We decided to stay at a hotel we had previously used (Talkoo). However, this turned out to be a bad idea as the weekend warriors had taken over with their karaoke machines. Accommodation woes aside, the group wanted to take the boat trip to see the famed pink dolphins that live off the coast here. I had done this trip before a couple of years ago so didn’t take many pictures. The boat charter was the same, a thousand baht for all of us, and the dolphins are still there.

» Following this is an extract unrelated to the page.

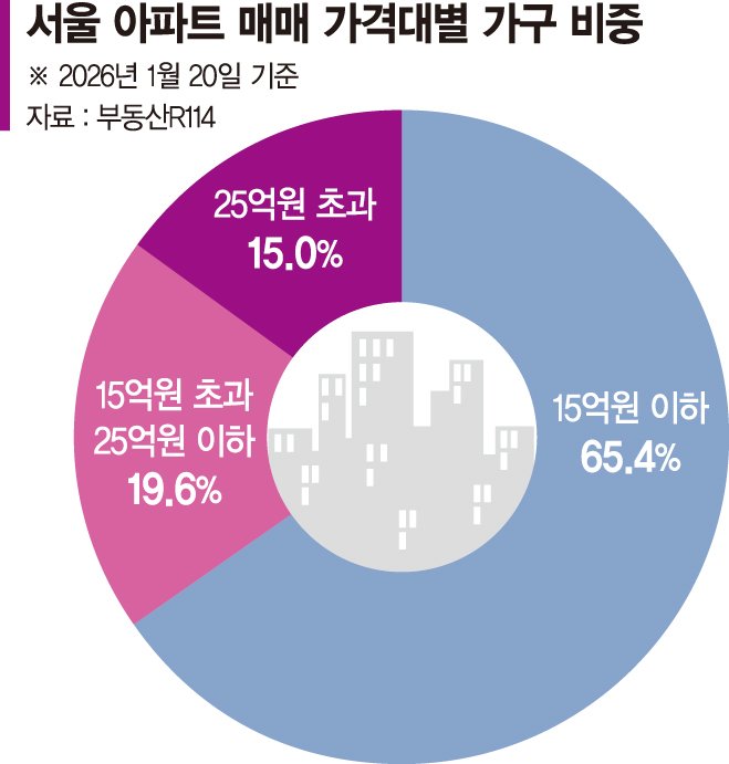 20일 파이낸셜뉴스가 부동산R114에 의뢰해 분석한 결과, 지난해 서울 아파트 중 15억원을 초과한 아파트는 전체의 34.6%로 나타났다. 가격별 아파트 비중은 △15억원 이하 65.4% △15억원 초과~25억원 이하 19.6% △25억원 초과 15.0%였다.

Leaving Khanom we drove south to NST city where a few wanted to get off at the main temple in town to ‘tum bhun’ – as it happens the entire province turned up on the same day to make merit also. From there it was south again to a quirky country market place type setup called ‘dtai note’ (ตลาดนัดใต้โหนด) where all kinds of bizarre food I’d never come across was for sale.
Phattalung
From here it was on to our spot for the evening, Thale Noi (‘small sea’) in Phattalung province. This province was a first for me; I’ve been to nearly all of the others in the south. Thale Noi is the smaller ‘lake’ north of the huge inland sea that splits Phattalung and Songkhla. It is a very Thai place and I hadn’t seen another farang for several days now, our residence for the next two nights was Lan Bua, a small Thai run bungalow outfit right on the lake.

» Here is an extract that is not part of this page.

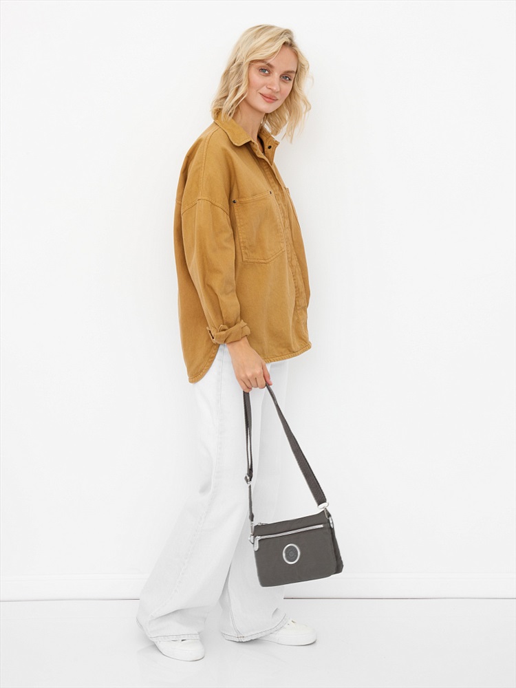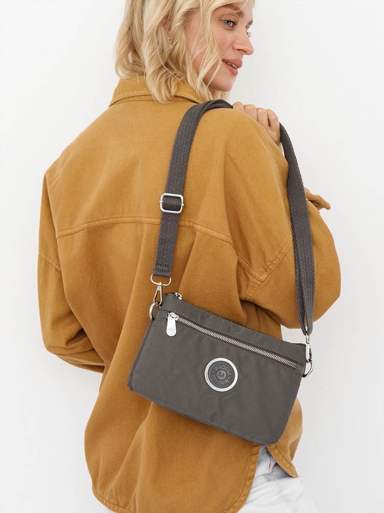 Длина (см): 23 Высота (см): 15 Вес (г): 300 Бренд: Mindesa Материал: Текстиль Модель кросс-боди, выполнена из текстиля. Дополнена серебристой фурнитурой. Данная модель закрывается на молнии, носится в руке или на плече. В комплекте предусмотрен ремень с регулировкой длины. Каркас мягкий. Внутри: подкладочная ткань, на боковых стенках есть карман на молнии и открытый. Снаружи: основной отдел закрывается на молнию. На задней и передней частях карманы на молниях. Комментарии к товару

The ‘lake’, or wetlands, is famed for its pink lotus flowers which cover a large portion of it at certain times of year, additionally the area has been designated a bird wildlife reserve. An elevated bridge dissects the two bodies of water so we headed out to that for sunset so I could get some shots and test out the new Nikon.

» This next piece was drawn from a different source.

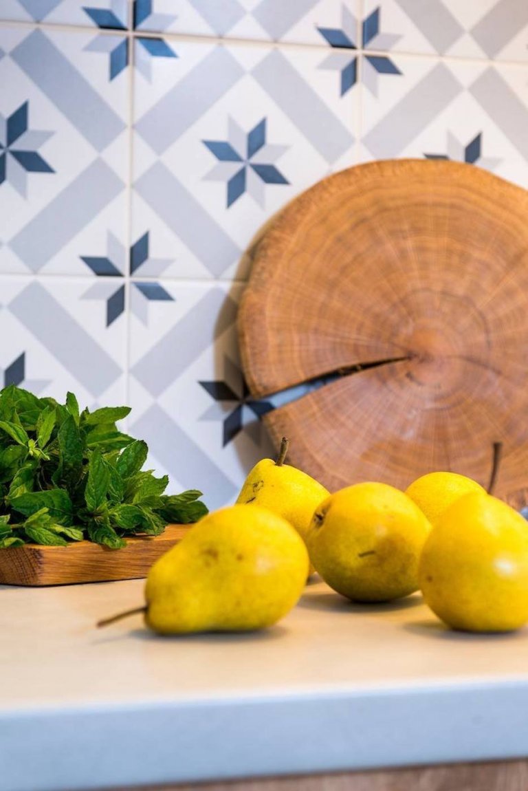 Díky umně zvoleným barvám, tvarům a materiálům máme před sebou neskutečně harmonický celek. Ten si navíc libuje v absenci zdobnosti, a tedy v čistých liniích a také v geometrii. Stačí si povšimnout židlí, stolků, závěsných svítidel, podstavců pod květináči, nástěnných hodin, mozaiky za kuchyňskou linkou nebo obkladů v koupelně. To vše si zakládá na symetrii a jednoduchosti, ve kterých spočívá síla.

To appreciate this place at its best you need to take a sunrise tour which we had booked for the following day. The charter was 800 baht for six of us in a small wooden boat around the wetlands for a couple of hours. A 05.30 start ensured that we were at the right spot for the sunrise. Our craft glided across what appeared to be solid land but was in fact a sea of floating foliage. The scenery and light was simply stunning so I’ll let the camera do the talking.
Trang
We left Phattalung behind and motored west into Trang province stopping at a roadside restaurant about half way. Our accommodation for the next couple of days was called Rimnatee, a Thai style place with a pool that we called and got for 800 baht a night.
Being low season most off the islands off the Trang provincial coast were closed or empty so we sought adventure inland. Around 45 minutes north of Trang town was a cave complex called ‘Tum Le Khao Gop’ (ถ้ำเลเขากอบ) where for 400 baht you can get a boat trip, four to a boat, through the cave. This was another primarily Thai attraction hence the sensible price. I’d been in many caves before but nothing like this; essentially you are lying prone in the boat as the guide pushes it through the cave, the ceiling of which is less than an inch away from your nose. Definitely not one for the claustrophobic! I managed a few snaps on the phone but nothing of quality.
We took in a few more Thai attractions around Trang including the night market/food bazaar, a couple of kayak spots for the kids and a bizarre ‘wooden dragon’ garden type place.